越绣宁点了点头。
她不出去单独见施家三太太,当然不是因为憋了气
,而是不放心,谁知道是不是真的三太太,是不是还有其他的人?如果车上坐的不是三太太而是那个田二爷伪装的怎么办?如果自己过去了,一把被拽上了车,车跑了怎么办?
要说以前她还真想不到这些,但是现在,只要是和施家的人打交道,越绣宁就满心的戒备。
三太太走过去,早有个婆子急急忙忙的赶过去,用自己的手绢擦干净了一张椅子,请三太太坐在这张椅子上,另一张椅子就看都没看。
越绣宁并不在意,过去坐下了。
“是有什么事?四姑娘的伤应该没问题了吧?”坐下了问道。
三太太笑着点点头:“好多了,多亏了越大夫的诊治,我们心存感激的很。
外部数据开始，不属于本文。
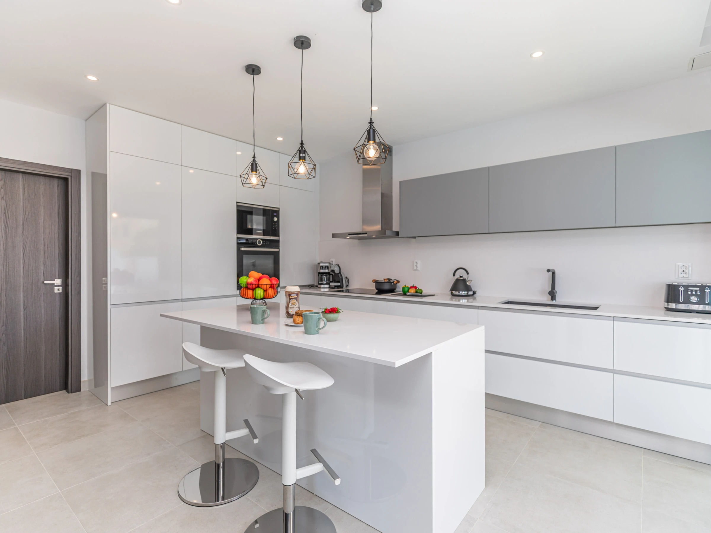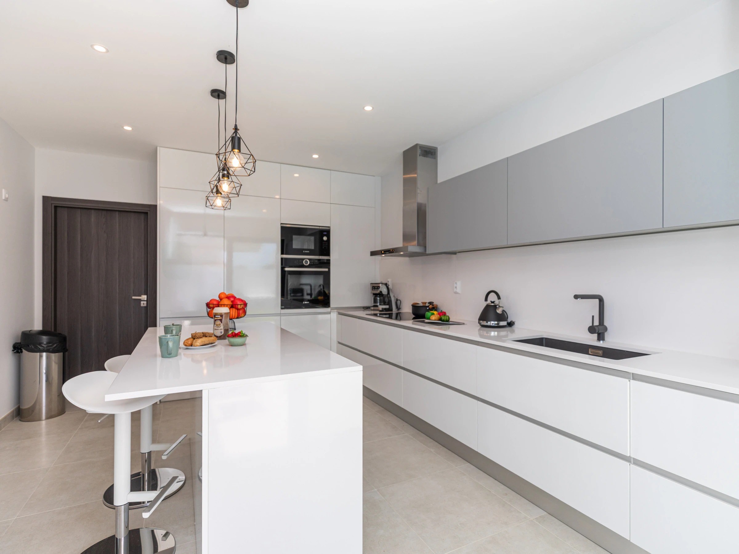 La salle à manger élégante est idéale pour recevoir des invités à la maison, avec une grande table parfaite pour réunir famille ou amis. Juste au-delà, la cuisine moderne et entièrement équipée est astucieusement nichée à l'arrière et conçue à la fois pour le style et la fonctionnalité. Un îlot avec des tabourets de bar crée un endroit convivial pour profiter d'un verre ou discuter avec le chef. Des appareils intégrés, des ustensiles de haute qualité et une buanderie bien aménagée avec machine à laver et étendoir ajoutent commodité et confort.

”说到这个倒是不吝啬说感谢的话。
越绣宁道:“没关系的。”
三太太又看了看铺子,见铺面不小,坐在这边说话声音小点那边几个人就听不见,那边三个人似乎也并不关注这边,之前陪着越绣宁的那个隔壁邻居,还出去了一趟。
这个越大夫跟这个邻居是什么关系?只要越大夫在,就总能看见这个人。